- **WORK INSTRUCTIONS**: From the data that follows, set down exactly the lines from the one with "取用6月分的葛苣加工,削去皮" through the one with "Fanatics Women's White/Black", counting both. Pictures stay out.
----------
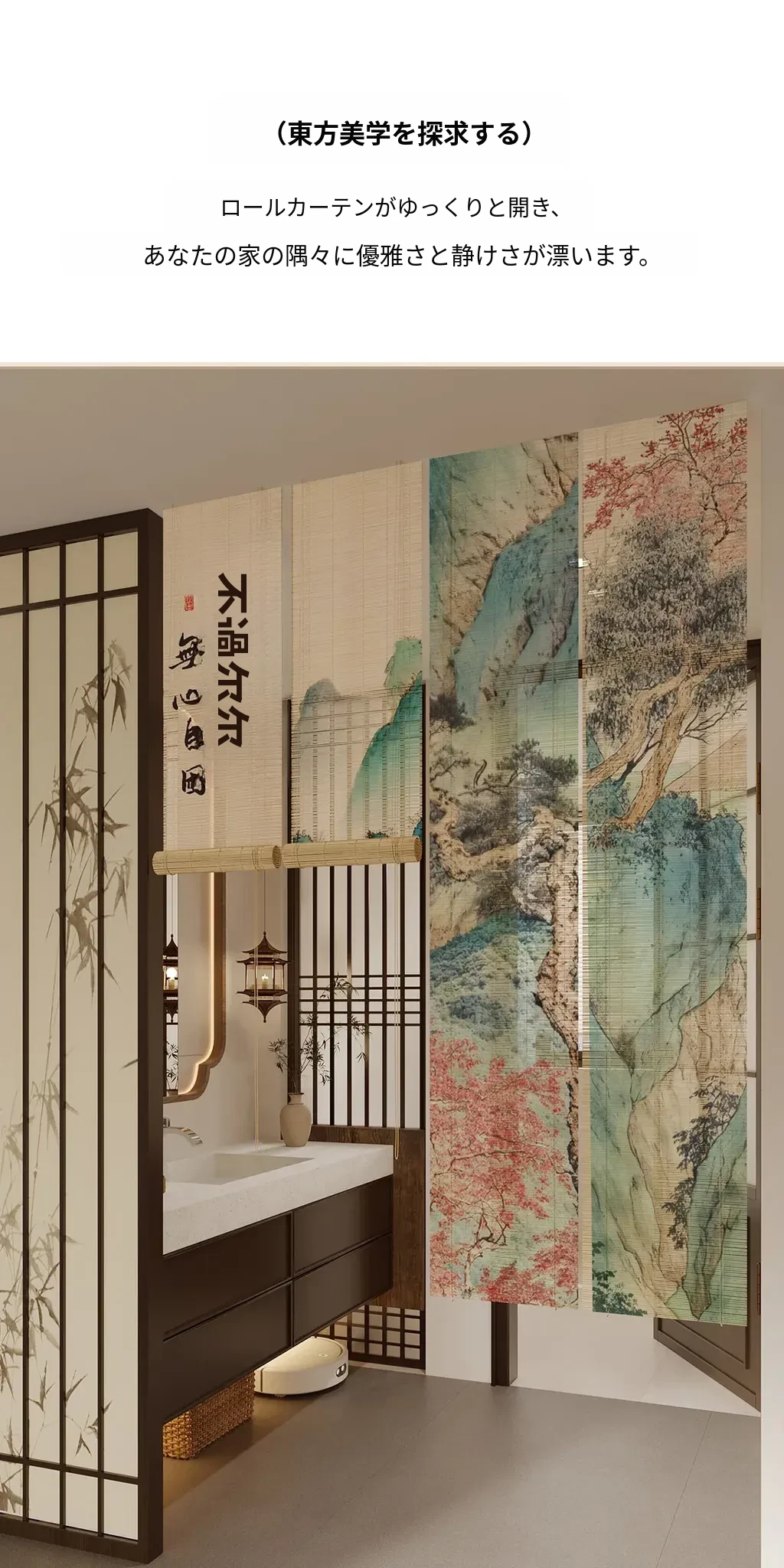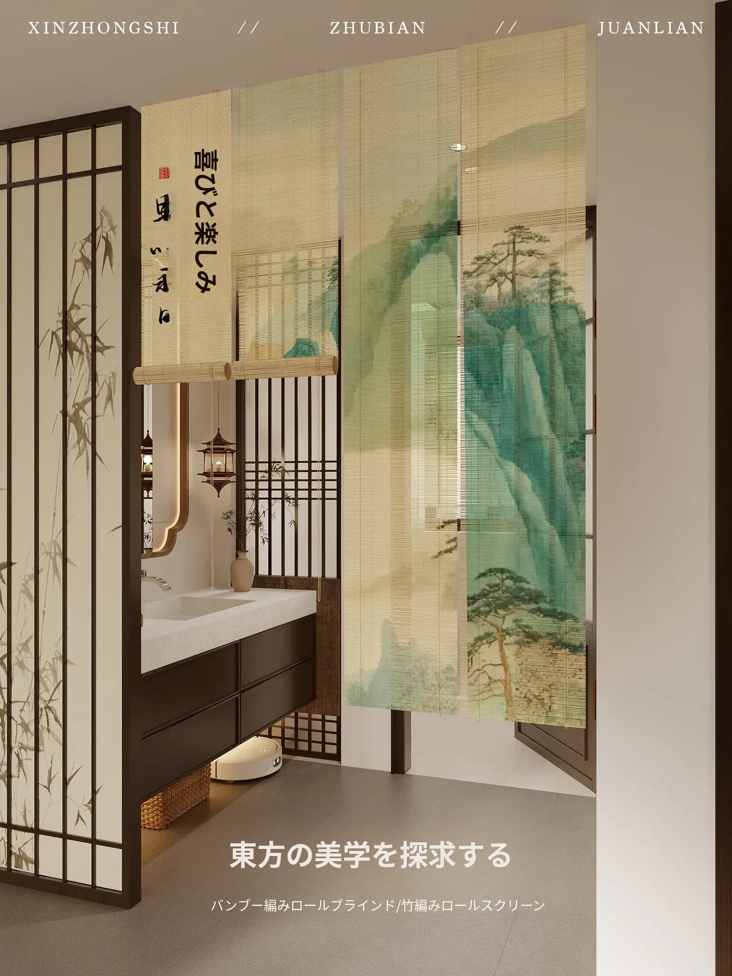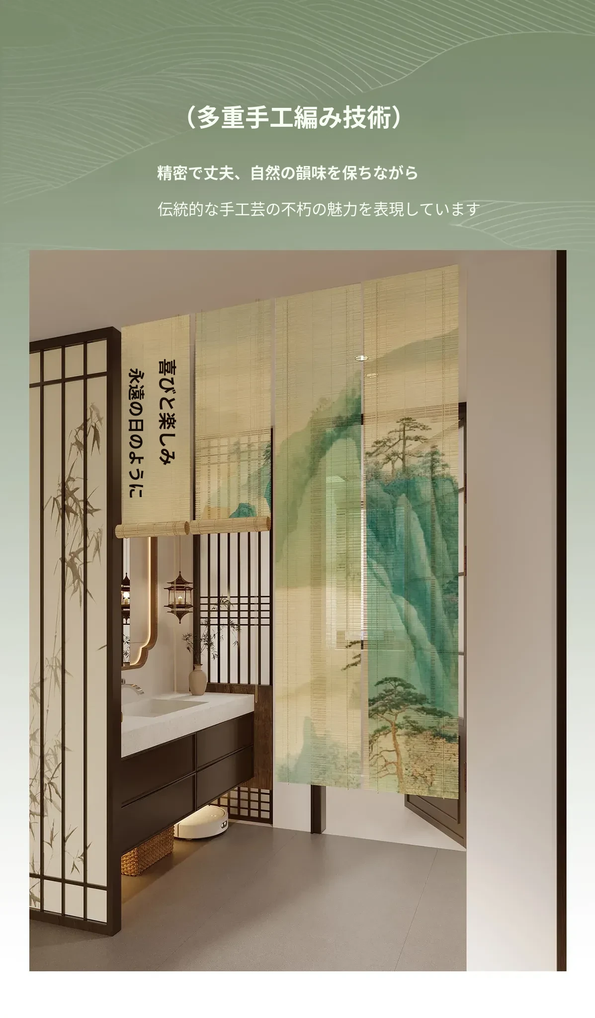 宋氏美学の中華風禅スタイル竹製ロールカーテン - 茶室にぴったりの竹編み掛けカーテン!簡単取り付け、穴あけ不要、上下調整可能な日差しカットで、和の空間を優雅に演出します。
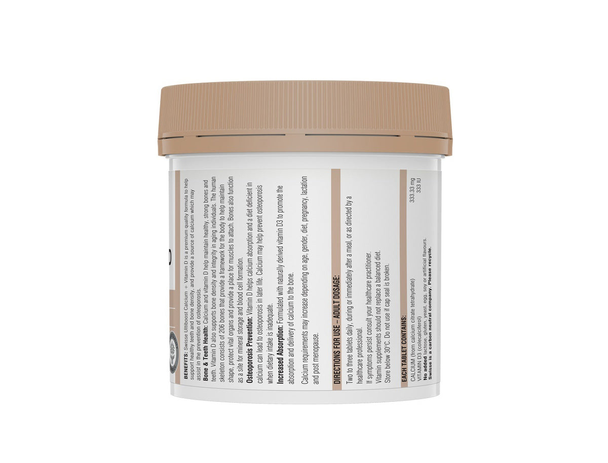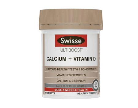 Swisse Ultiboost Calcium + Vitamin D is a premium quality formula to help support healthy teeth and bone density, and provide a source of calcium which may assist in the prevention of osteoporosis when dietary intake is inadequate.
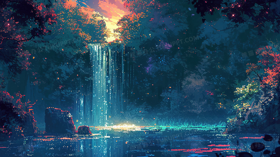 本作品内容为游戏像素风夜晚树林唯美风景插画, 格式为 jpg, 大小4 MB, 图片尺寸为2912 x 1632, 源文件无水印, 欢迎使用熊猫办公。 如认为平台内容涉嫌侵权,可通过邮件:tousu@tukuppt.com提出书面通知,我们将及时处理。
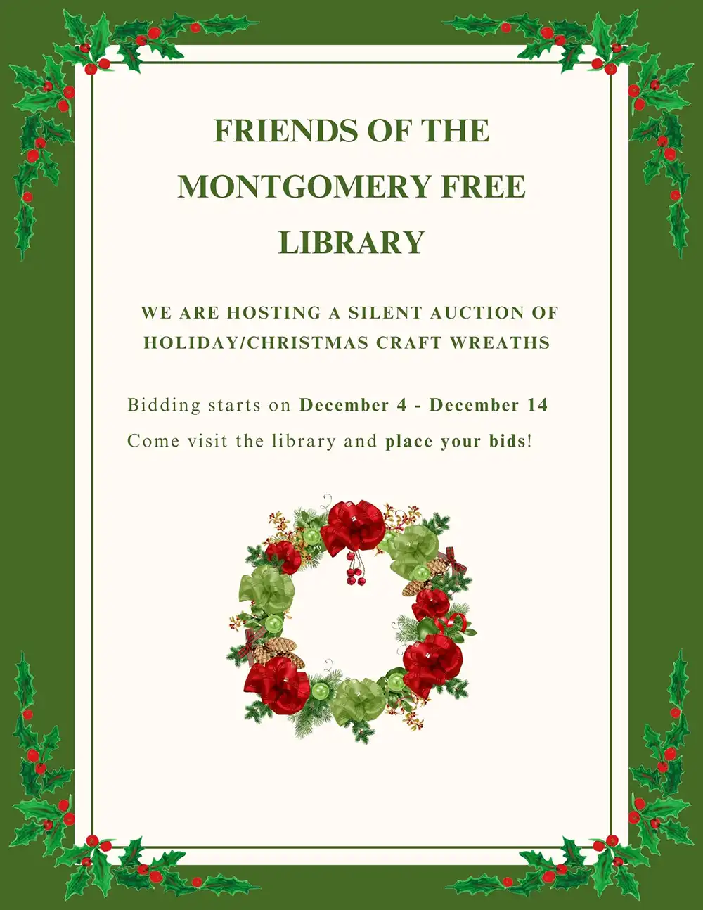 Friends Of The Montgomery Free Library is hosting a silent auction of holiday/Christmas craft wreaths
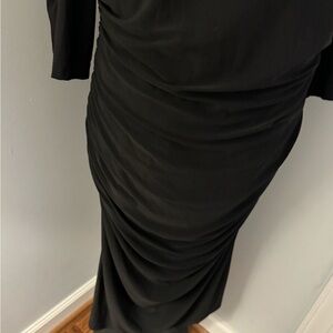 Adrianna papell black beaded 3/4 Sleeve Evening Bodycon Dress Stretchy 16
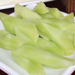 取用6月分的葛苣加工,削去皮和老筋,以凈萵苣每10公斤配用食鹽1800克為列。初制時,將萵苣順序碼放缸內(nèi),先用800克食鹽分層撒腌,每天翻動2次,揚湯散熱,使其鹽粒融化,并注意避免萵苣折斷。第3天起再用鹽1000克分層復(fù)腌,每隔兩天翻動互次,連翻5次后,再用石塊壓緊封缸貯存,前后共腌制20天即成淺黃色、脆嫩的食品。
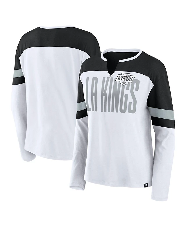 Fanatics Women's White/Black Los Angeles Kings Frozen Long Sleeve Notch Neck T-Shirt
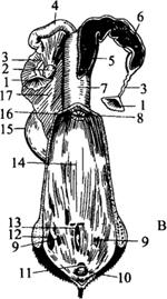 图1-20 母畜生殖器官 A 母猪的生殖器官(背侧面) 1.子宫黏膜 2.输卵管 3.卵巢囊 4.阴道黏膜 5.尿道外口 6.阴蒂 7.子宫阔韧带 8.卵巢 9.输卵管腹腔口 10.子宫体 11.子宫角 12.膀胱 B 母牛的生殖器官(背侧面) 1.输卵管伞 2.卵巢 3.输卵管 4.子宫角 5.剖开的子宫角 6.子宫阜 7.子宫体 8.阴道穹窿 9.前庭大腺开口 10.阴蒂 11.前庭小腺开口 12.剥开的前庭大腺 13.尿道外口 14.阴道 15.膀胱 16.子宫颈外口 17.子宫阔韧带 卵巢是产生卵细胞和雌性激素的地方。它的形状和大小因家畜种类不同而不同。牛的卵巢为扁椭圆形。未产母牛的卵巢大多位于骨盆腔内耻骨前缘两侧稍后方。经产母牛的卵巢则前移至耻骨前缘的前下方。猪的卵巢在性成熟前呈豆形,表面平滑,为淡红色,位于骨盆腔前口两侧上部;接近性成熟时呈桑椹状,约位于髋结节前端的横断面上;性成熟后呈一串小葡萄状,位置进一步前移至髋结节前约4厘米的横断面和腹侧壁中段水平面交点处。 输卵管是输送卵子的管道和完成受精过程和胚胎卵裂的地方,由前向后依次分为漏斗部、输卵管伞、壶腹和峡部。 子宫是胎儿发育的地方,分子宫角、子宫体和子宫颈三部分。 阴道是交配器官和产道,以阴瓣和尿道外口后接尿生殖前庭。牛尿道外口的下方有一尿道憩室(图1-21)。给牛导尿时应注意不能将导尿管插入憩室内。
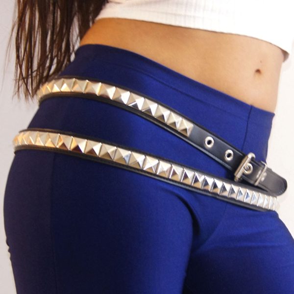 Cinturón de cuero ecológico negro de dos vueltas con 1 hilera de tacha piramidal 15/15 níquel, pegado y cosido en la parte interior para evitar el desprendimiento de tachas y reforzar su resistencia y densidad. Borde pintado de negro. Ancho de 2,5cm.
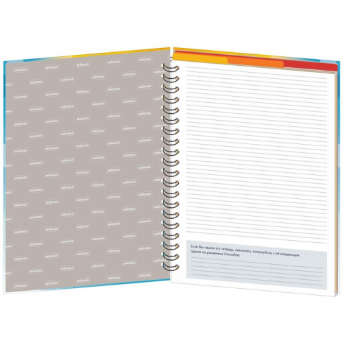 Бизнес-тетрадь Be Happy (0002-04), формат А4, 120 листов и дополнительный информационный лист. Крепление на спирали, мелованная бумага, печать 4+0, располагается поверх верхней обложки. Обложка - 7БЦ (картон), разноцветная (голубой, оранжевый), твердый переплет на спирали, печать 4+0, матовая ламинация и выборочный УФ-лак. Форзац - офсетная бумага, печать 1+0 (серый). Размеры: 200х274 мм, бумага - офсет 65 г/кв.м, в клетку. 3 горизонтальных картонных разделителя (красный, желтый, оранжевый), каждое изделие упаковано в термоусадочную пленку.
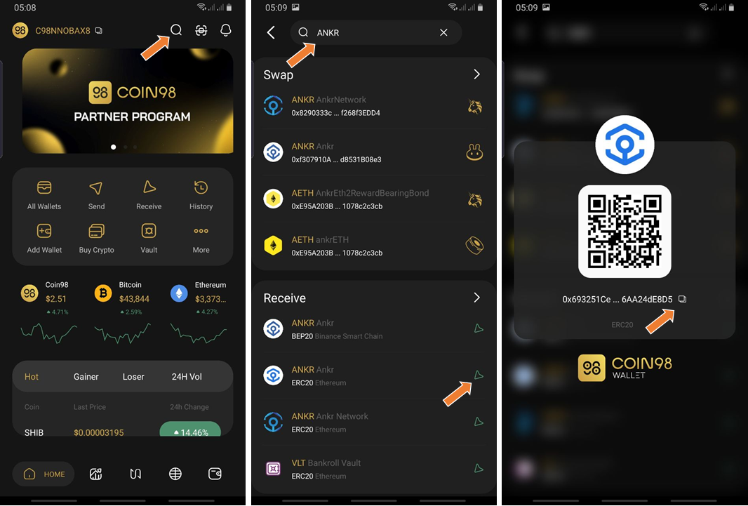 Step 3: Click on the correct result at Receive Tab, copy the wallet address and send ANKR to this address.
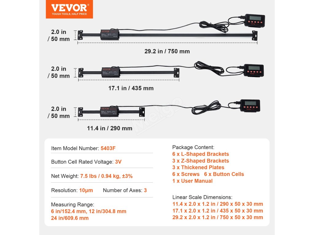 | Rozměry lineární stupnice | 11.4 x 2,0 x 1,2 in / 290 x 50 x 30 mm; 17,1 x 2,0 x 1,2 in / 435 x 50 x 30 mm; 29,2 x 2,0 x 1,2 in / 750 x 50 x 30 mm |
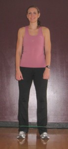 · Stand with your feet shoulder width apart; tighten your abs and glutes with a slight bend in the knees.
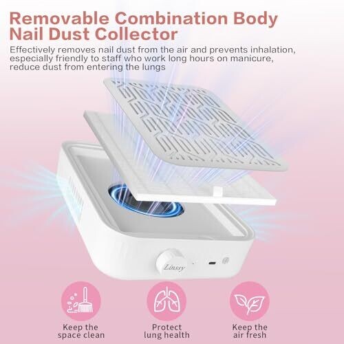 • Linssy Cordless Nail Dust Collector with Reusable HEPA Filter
----------
- **RESULT OF THE TASK**:
 取用6月分的葛苣加工,削去皮和老筋,以凈萵苣每10公斤配用食鹽1800克為列。初制時,將萵苣順序碼放缸內(nèi),先用800克食鹽分層撒腌,每天翻動2次,揚湯散熱,使其鹽粒融化,并注意避免萵苣折斷。第3天起再用鹽1000克分層復(fù)腌,每隔兩天翻動互次,連翻5次后,再用石塊壓緊封缸貯存,前后共腌制20天即成淺黃色、脆嫩的食品。
 Fanatics Women's White/Black Los Angeles Kings Frozen Long Sleeve Notch Neck T-Shirt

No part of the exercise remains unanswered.